### [EXERCISE]
Each record needs to be retyped exactly, though its pictures should not appear.

Stored dataset items:
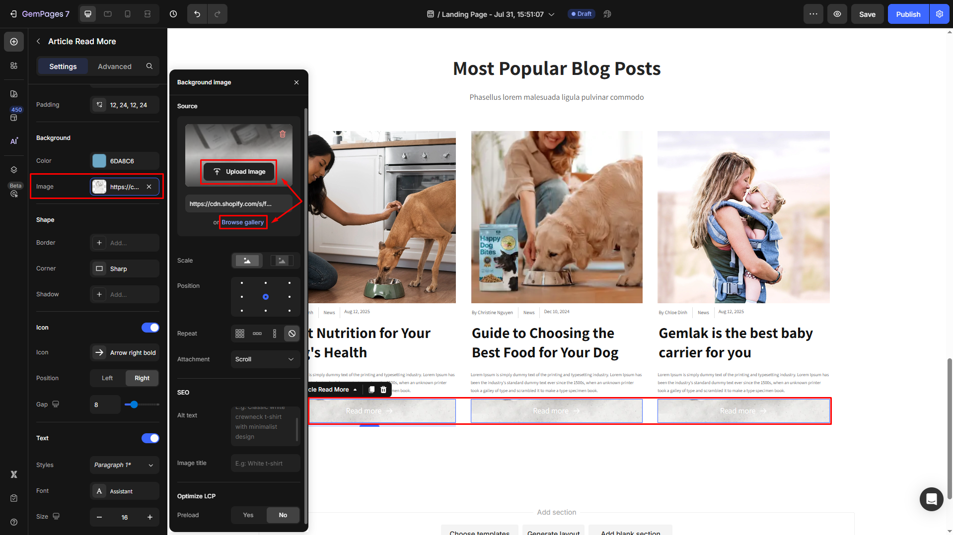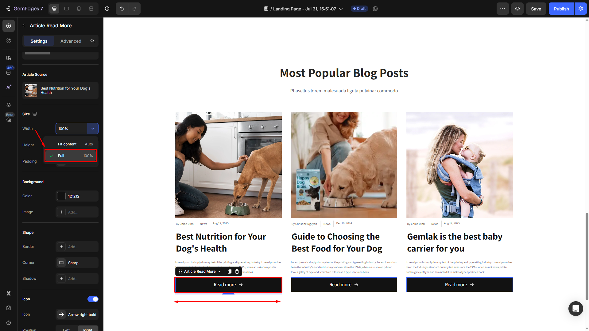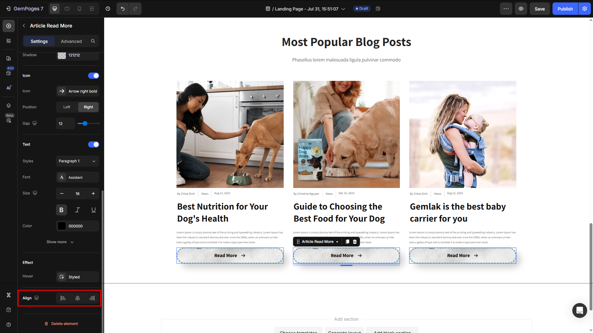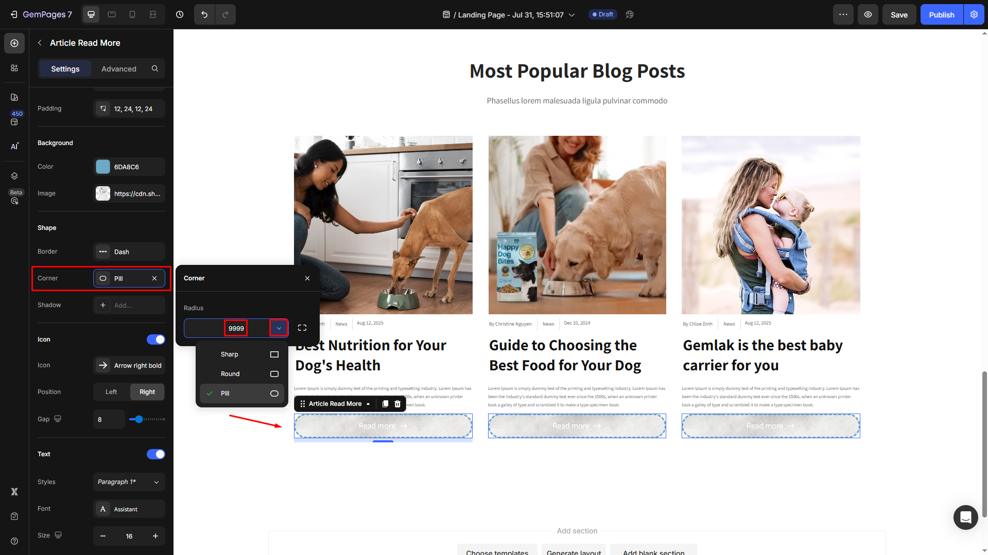 - Shadow: You may add a shadow of the Article List section and adjust the shadow display (size, color, blur, and distance).
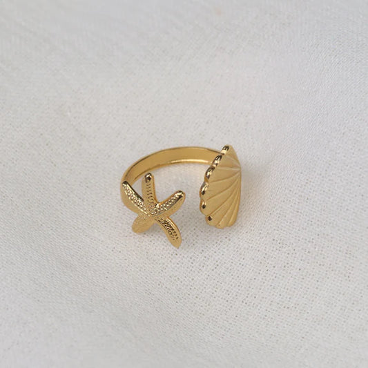 "Dory" Gold Plated Cowrie Shell Adjustable Ring
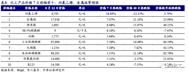 3.1、本周化工品价格涨跌排行:四氯乙烯、金属硅等领涨
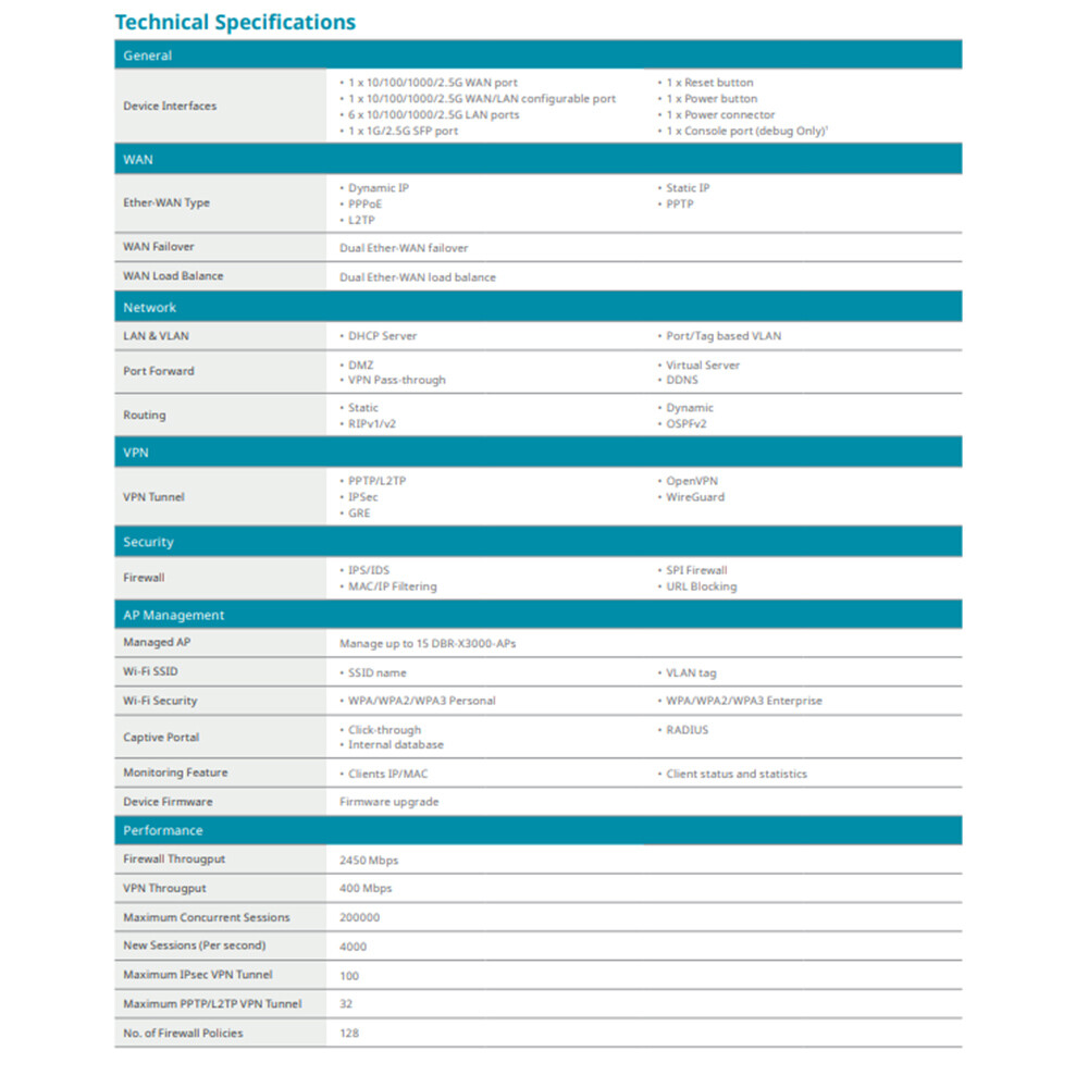 -1 x 2.5G SFP WAN/LAN網路埠支援長距離連接。
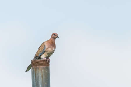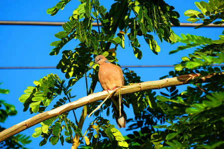 Side view of brown zenaida dove sitting on the branch of a tropical or Indian almond tree with blurred leaves in the background. Great for bird, animal or nature images, banners and posters.

### [SOLUTION FOR THIS PROBLEM]
 - Shadow: You may add a shadow of the Article List section and adjust the shadow display (size, color, blur, and distance).
 "Dory" Gold Plated Cowrie Shell Adjustable Ring
 3.1、本周化工品价格涨跌排行:四氯乙烯、金属硅等领涨
 -1 x 2.5G SFP WAN/LAN網路埠支援長距離連接。
 Side view of brown zenaida dove sitting on the branch of a tropical or Indian almond tree with blurred leaves in the background. Great for bird, animal or nature images, banners and posters.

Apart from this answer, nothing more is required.